> [Requirement] Without the images, reproduce each line of the material exactly.

> [Listed records]

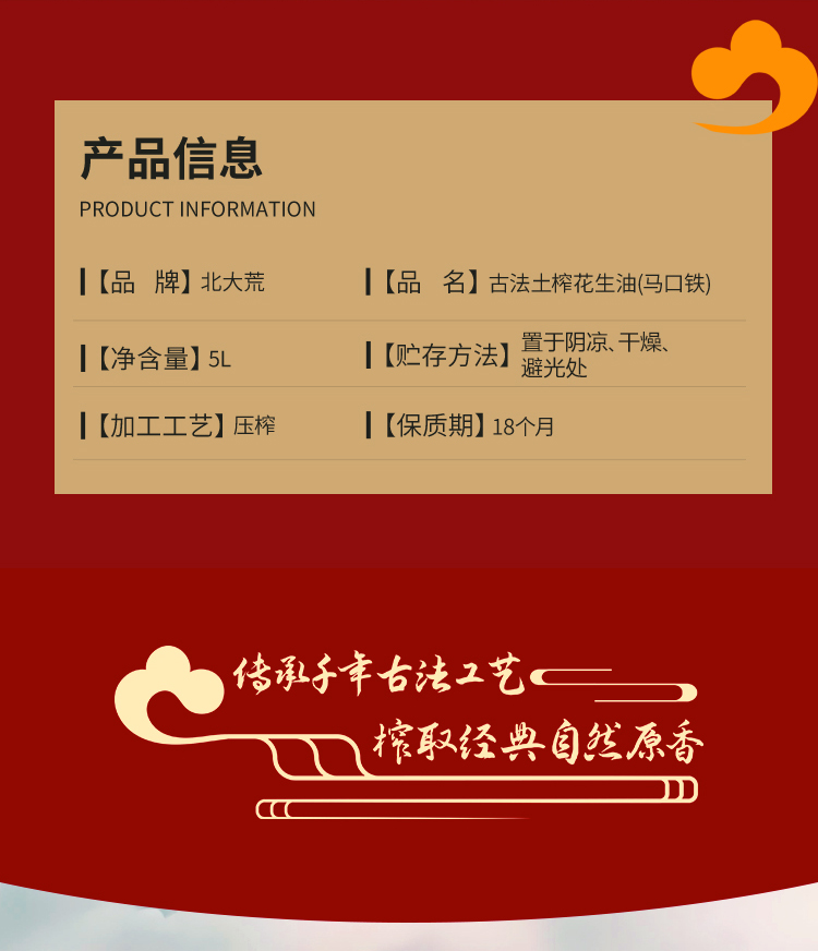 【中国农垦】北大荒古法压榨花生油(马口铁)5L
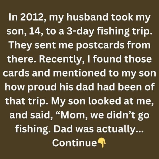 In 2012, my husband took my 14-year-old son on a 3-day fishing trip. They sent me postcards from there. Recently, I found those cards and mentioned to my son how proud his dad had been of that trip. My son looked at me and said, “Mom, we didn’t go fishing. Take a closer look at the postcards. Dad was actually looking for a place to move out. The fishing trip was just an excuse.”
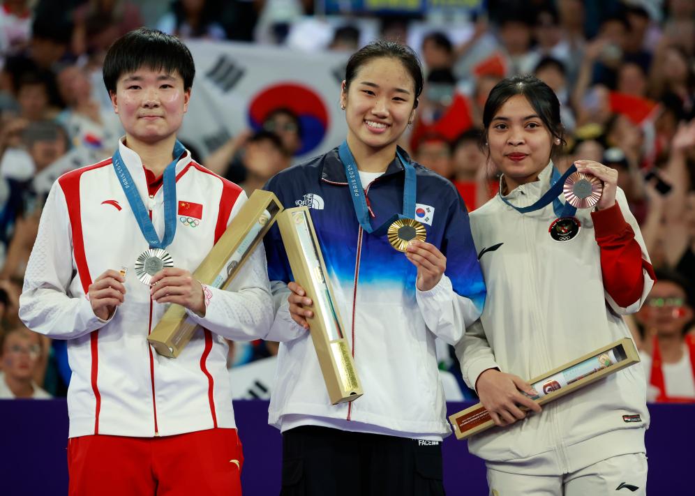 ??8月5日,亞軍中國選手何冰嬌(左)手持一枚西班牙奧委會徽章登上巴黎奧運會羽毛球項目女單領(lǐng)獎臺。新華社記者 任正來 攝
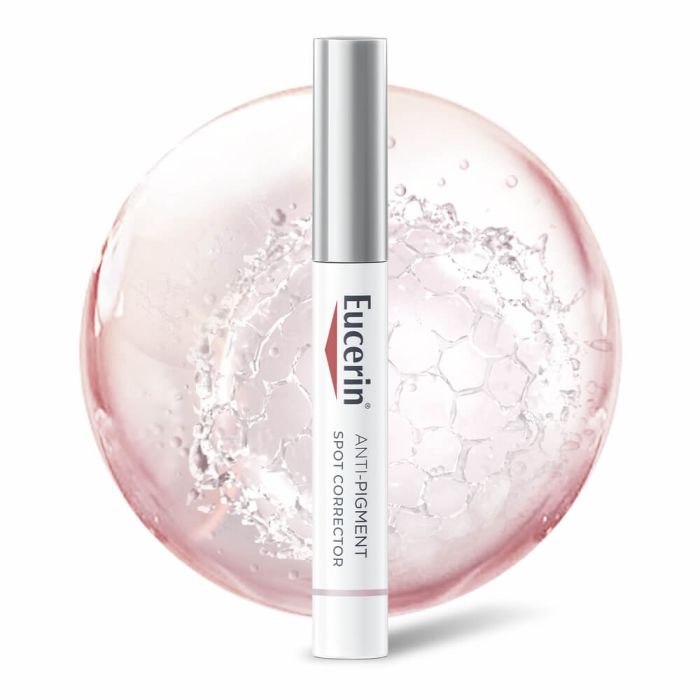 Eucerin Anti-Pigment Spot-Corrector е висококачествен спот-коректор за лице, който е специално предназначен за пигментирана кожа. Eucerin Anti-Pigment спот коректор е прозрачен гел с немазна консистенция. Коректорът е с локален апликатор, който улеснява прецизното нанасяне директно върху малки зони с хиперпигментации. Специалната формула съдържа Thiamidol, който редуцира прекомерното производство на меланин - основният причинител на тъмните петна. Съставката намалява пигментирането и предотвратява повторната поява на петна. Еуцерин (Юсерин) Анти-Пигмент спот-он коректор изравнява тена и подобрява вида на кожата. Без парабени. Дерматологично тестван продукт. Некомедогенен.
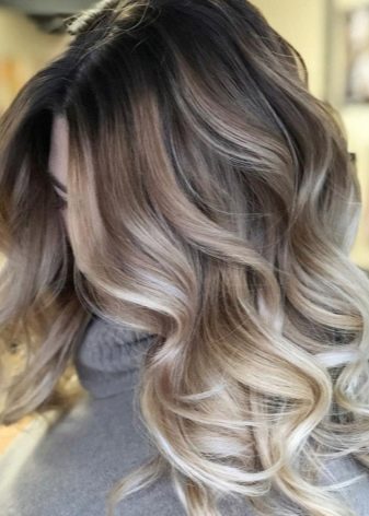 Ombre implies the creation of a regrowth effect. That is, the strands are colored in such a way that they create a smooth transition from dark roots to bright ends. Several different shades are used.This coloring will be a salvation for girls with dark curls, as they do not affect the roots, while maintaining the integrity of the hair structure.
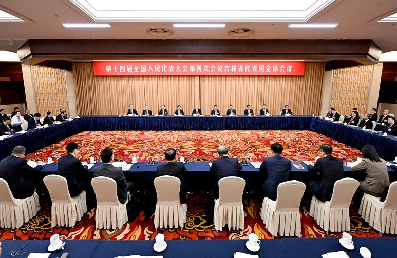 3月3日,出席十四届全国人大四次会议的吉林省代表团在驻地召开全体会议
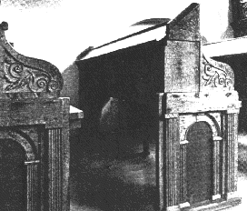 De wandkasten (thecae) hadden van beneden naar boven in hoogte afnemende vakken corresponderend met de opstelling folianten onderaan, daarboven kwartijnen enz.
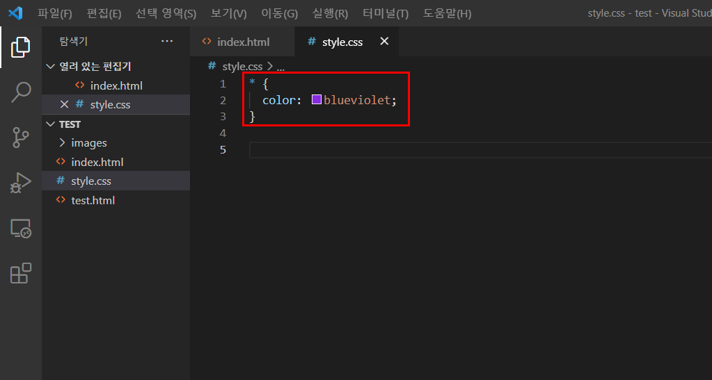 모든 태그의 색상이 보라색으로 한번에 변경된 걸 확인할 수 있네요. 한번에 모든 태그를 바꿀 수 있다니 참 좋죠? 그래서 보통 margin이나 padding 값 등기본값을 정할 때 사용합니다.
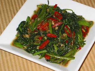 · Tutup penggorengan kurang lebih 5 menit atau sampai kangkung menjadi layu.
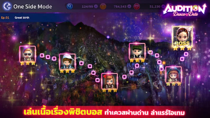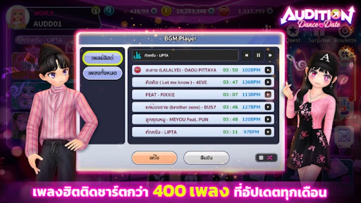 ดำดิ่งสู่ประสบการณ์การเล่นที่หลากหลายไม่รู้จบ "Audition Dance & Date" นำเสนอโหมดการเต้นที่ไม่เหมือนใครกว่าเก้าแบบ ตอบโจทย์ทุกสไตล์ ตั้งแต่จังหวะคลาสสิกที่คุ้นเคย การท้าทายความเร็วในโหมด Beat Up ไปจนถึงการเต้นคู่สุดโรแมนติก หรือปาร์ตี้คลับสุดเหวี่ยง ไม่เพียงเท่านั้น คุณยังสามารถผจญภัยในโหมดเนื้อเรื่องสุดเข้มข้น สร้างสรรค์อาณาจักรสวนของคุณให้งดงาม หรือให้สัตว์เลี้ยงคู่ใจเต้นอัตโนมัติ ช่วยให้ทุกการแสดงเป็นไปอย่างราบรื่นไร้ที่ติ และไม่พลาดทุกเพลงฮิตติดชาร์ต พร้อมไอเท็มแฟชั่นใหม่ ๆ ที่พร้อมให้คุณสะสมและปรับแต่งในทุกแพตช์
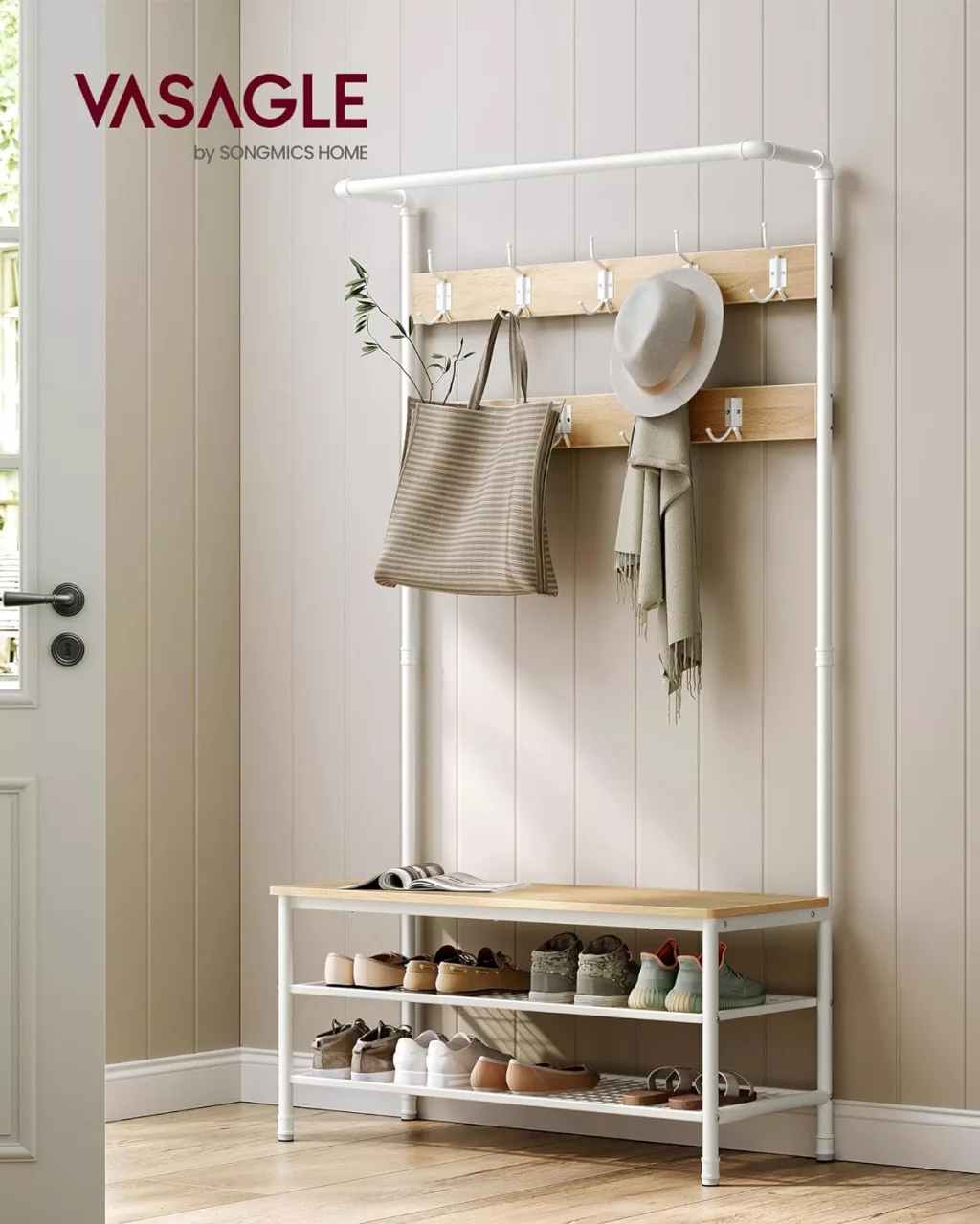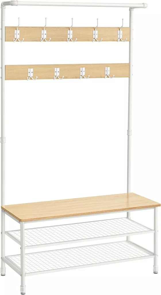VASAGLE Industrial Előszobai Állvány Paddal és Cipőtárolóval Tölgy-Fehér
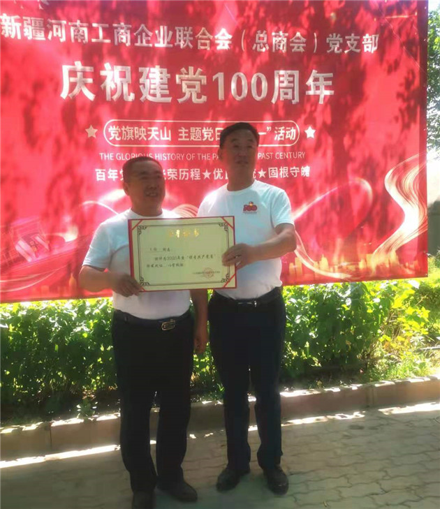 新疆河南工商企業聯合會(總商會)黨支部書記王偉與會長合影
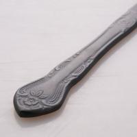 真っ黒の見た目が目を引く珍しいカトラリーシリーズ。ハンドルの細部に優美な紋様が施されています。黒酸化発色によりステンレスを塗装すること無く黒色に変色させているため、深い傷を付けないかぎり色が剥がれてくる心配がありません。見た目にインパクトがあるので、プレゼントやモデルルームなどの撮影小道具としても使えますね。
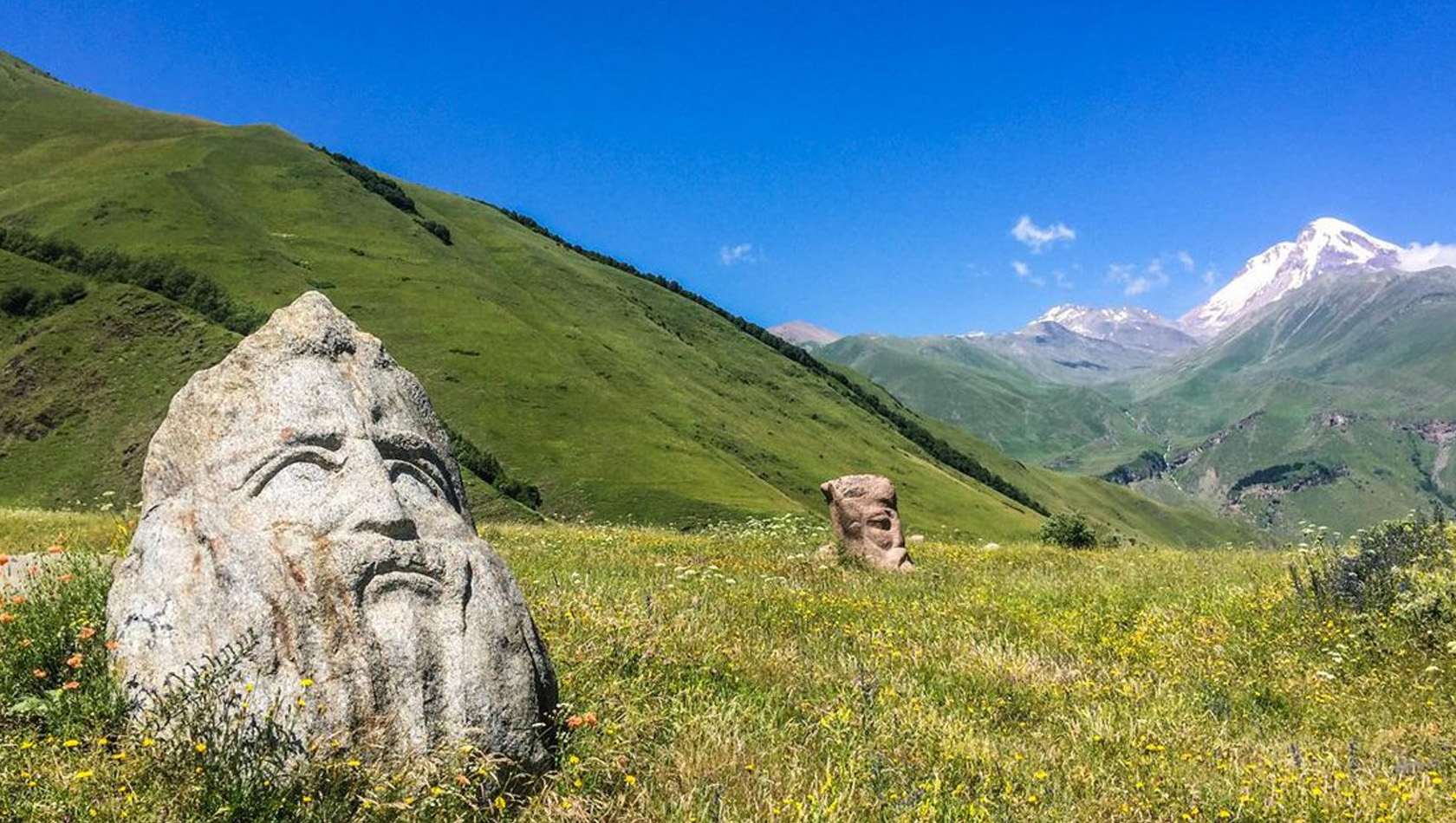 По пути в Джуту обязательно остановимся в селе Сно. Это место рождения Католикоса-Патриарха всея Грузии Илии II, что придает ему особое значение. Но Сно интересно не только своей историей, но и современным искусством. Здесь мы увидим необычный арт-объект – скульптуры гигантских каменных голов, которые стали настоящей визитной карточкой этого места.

> [Reply to the exercise]
 【中国农垦】北大荒古法压榨花生油(马口铁)5L
 In 2012, my husband took my 14-year-old son on a 3-day fishing trip. They sent me postcards from there. Recently, I found those cards and mentioned to my son how proud his dad had been of that trip. My son looked at me and said, “Mom, we didn’t go fishing. Take a closer look at the postcards. Dad was actually looking for a place to move out. The fishing trip was just an excuse.”
 ??8月5日,亞軍中國選手何冰嬌(左)手持一枚西班牙奧委會徽章登上巴黎奧運會羽毛球項目女單領(lǐng)獎臺。新華社記者 任正來 攝
 Eucerin Anti-Pigment Spot-Corrector е висококачествен спот-коректор за лице, който е специално предназначен за пигментирана кожа. Eucerin Anti-Pigment спот коректор е прозрачен гел с немазна консистенция. Коректорът е с локален апликатор, който улеснява прецизното нанасяне директно върху малки зони с хиперпигментации. Специалната формула съдържа Thiamidol, който редуцира прекомерното производство на меланин - основният причинител на тъмните петна. Съставката намалява пигментирането и предотвратява повторната поява на петна. Еуцерин (Юсерин) Анти-Пигмент спот-он коректор изравнява тена и подобрява вида на кожата. Без парабени. Дерматологично тестван продукт. Некомедогенен.
 Ombre implies the creation of a regrowth effect. That is, the strands are colored in such a way that they create a smooth transition from dark roots to bright ends. Several different shades are used.This coloring will be a salvation for girls with dark curls, as they do not affect the roots, while maintaining the integrity of the hair structure.
 3月3日,出席十四届全国人大四次会议的吉林省代表团在驻地召开全体会议
 De wandkasten (thecae) hadden van beneden naar boven in hoogte afnemende vakken corresponderend met de opstelling folianten onderaan, daarboven kwartijnen enz.
 모든 태그의 색상이 보라색으로 한번에 변경된 걸 확인할 수 있네요. 한번에 모든 태그를 바꿀 수 있다니 참 좋죠? 그래서 보통 margin이나 padding 값 등기본값을 정할 때 사용합니다.
 · Tutup penggorengan kurang lebih 5 menit atau sampai kangkung menjadi layu.
 ดำดิ่งสู่ประสบการณ์การเล่นที่หลากหลายไม่รู้จบ "Audition Dance & Date" นำเสนอโหมดการเต้นที่ไม่เหมือนใครกว่าเก้าแบบ ตอบโจทย์ทุกสไตล์ ตั้งแต่จังหวะคลาสสิกที่คุ้นเคย การท้าทายความเร็วในโหมด Beat Up ไปจนถึงการเต้นคู่สุดโรแมนติก หรือปาร์ตี้คลับสุดเหวี่ยง ไม่เพียงเท่านั้น คุณยังสามารถผจญภัยในโหมดเนื้อเรื่องสุดเข้มข้น สร้างสรรค์อาณาจักรสวนของคุณให้งดงาม หรือให้สัตว์เลี้ยงคู่ใจเต้นอัตโนมัติ ช่วยให้ทุกการแสดงเป็นไปอย่างราบรื่นไร้ที่ติ และไม่พลาดทุกเพลงฮิตติดชาร์ต พร้อมไอเท็มแฟชั่นใหม่ ๆ ที่พร้อมให้คุณสะสมและปรับแต่งในทุกแพตช์
VASAGLE Industrial Előszobai Állvány Paddal és Cipőtárolóval Tölgy-Fehér
 新疆河南工商企業聯合會(總商會)黨支部書記王偉與會長合影
 真っ黒の見た目が目を引く珍しいカトラリーシリーズ。ハンドルの細部に優美な紋様が施されています。黒酸化発色によりステンレスを塗装すること無く黒色に変色させているため、深い傷を付けないかぎり色が剥がれてくる心配がありません。見た目にインパクトがあるので、プレゼントやモデルルームなどの撮影小道具としても使えますね。
 По пути в Джуту обязательно остановимся в селе Сно. Это место рождения Католикоса-Патриарха всея Грузии Илии II, что придает ему особое значение. Но Сно интересно не только своей историей, но и современным искусством. Здесь мы увидим необычный арт-объект – скульптуры гигантских каменных голов, которые стали настоящей визитной карточкой этого места.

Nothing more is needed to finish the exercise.